■ **Description of the task**: Should pictures appear among the records, leave them out, and copy exactly only the lines from the first through the one with "The first floor", inclusive.

■ **Data shown**:
—————

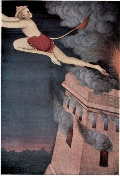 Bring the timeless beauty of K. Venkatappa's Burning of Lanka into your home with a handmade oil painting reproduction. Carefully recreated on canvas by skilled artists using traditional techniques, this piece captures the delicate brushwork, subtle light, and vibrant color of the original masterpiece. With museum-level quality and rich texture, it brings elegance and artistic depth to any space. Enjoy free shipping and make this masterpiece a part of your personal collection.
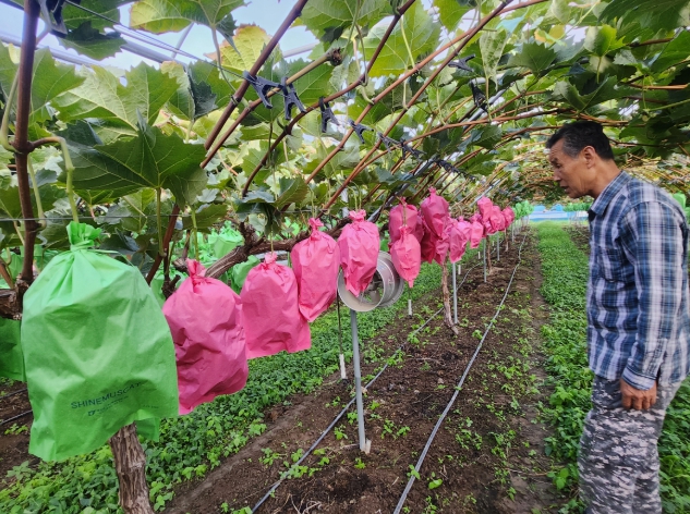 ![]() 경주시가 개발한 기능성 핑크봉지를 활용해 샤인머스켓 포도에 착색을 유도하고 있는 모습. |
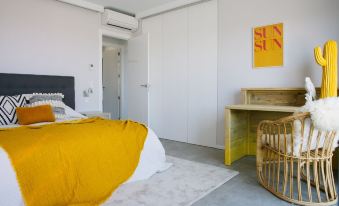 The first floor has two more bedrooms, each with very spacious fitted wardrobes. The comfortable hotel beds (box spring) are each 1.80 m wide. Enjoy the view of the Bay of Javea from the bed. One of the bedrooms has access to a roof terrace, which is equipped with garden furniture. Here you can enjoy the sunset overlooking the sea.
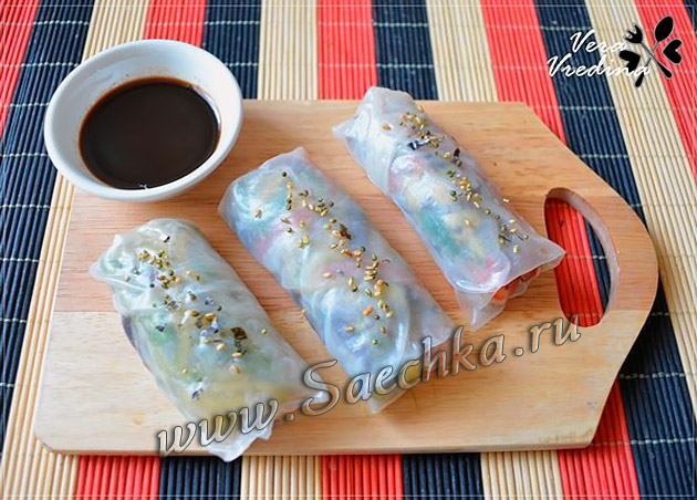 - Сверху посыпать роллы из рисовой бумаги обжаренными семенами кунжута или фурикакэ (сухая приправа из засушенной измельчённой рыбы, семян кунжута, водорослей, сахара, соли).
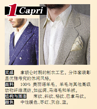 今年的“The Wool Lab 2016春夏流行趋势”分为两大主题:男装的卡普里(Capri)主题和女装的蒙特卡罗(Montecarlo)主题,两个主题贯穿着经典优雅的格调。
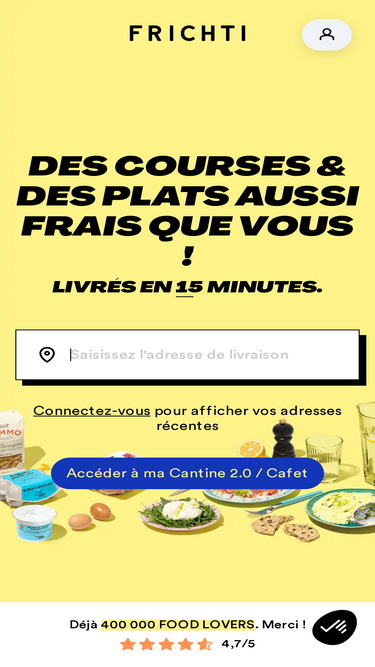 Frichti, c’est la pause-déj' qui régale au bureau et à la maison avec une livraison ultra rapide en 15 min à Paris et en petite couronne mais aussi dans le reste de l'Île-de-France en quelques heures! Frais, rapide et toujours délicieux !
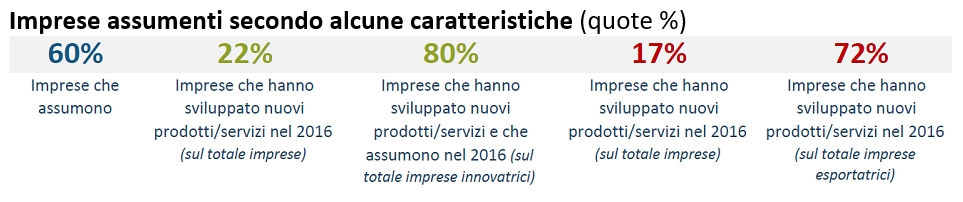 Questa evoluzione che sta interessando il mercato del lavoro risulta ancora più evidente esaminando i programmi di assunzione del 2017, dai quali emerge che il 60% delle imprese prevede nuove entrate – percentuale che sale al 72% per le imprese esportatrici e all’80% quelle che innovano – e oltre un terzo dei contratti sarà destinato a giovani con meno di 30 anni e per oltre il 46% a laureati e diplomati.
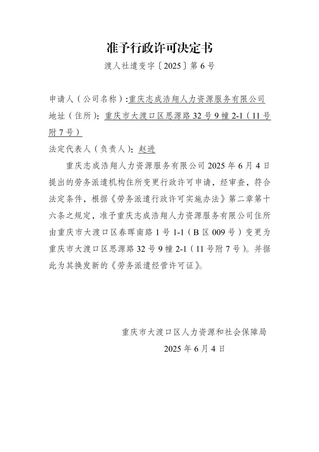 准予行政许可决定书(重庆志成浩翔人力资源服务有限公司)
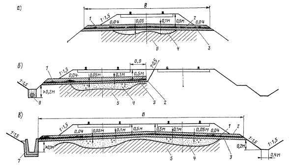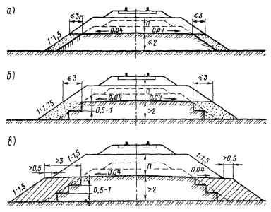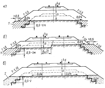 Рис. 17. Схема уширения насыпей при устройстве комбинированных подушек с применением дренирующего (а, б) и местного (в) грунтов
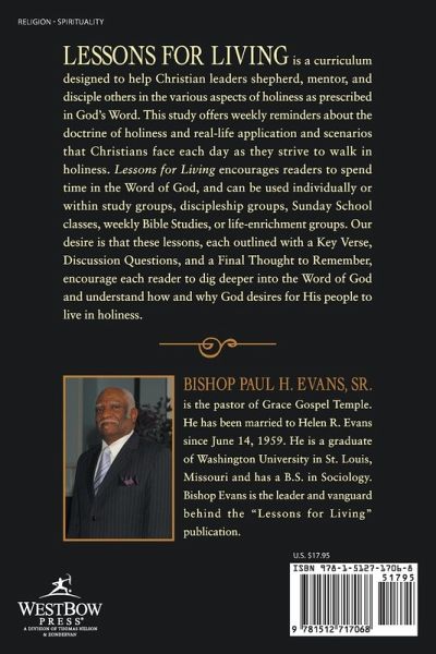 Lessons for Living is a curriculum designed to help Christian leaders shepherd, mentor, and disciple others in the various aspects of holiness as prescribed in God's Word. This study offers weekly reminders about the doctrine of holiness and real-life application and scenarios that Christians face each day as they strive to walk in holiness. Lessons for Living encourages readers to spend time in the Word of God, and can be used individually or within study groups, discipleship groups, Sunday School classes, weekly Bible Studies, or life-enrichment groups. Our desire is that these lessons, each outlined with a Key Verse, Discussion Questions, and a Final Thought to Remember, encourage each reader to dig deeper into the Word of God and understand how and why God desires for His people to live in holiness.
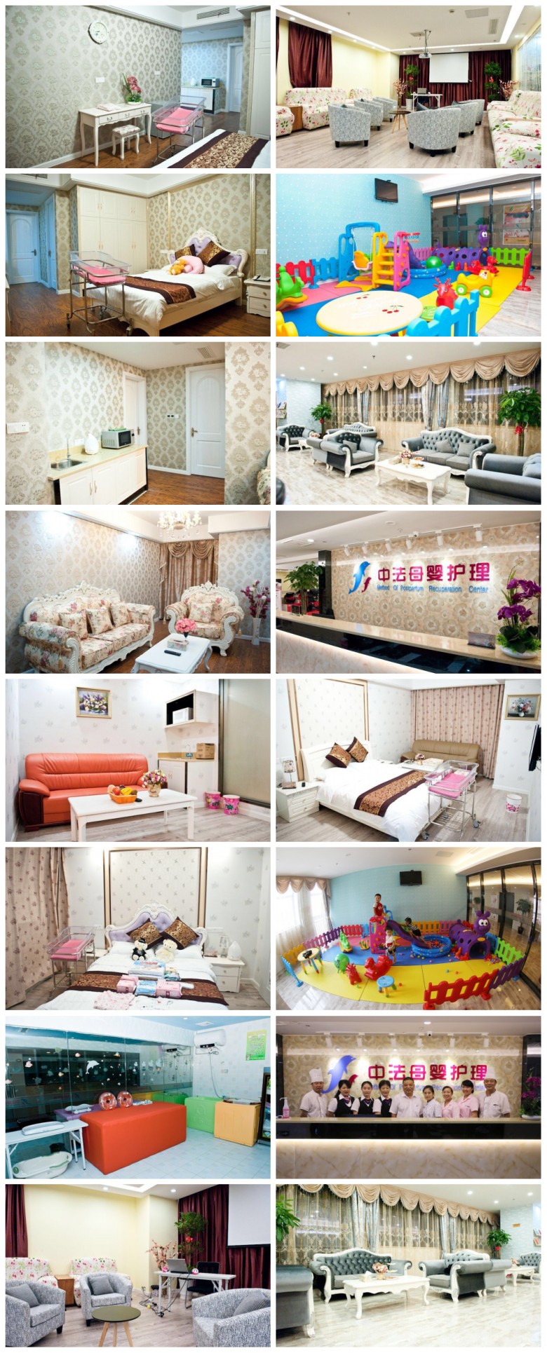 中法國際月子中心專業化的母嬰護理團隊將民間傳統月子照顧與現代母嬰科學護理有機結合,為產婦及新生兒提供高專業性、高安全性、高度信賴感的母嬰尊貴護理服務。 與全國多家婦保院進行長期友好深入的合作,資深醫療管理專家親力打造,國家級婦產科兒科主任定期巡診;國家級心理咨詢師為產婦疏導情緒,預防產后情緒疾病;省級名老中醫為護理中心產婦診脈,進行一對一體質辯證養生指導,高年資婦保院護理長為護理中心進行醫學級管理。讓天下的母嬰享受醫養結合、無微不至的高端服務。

—————

■ **Answer below**:
 Bring the timeless beauty of K. Venkatappa's Burning of Lanka into your home with a handmade oil painting reproduction. Carefully recreated on canvas by skilled artists using traditional techniques, this piece captures the delicate brushwork, subtle light, and vibrant color of the original masterpiece. With museum-level quality and rich texture, it brings elegance and artistic depth to any space. Enjoy free shipping and make this masterpiece a part of your personal collection.
 ![]() 경주시가 개발한 기능성 핑크봉지를 활용해 샤인머스켓 포도에 착색을 유도하고 있는 모습. |
 The first floor has two more bedrooms, each with very spacious fitted wardrobes. The comfortable hotel beds (box spring) are each 1.80 m wide. Enjoy the view of the Bay of Javea from the bed. One of the bedrooms has access to a roof terrace, which is equipped with garden furniture. Here you can enjoy the sunset overlooking the sea.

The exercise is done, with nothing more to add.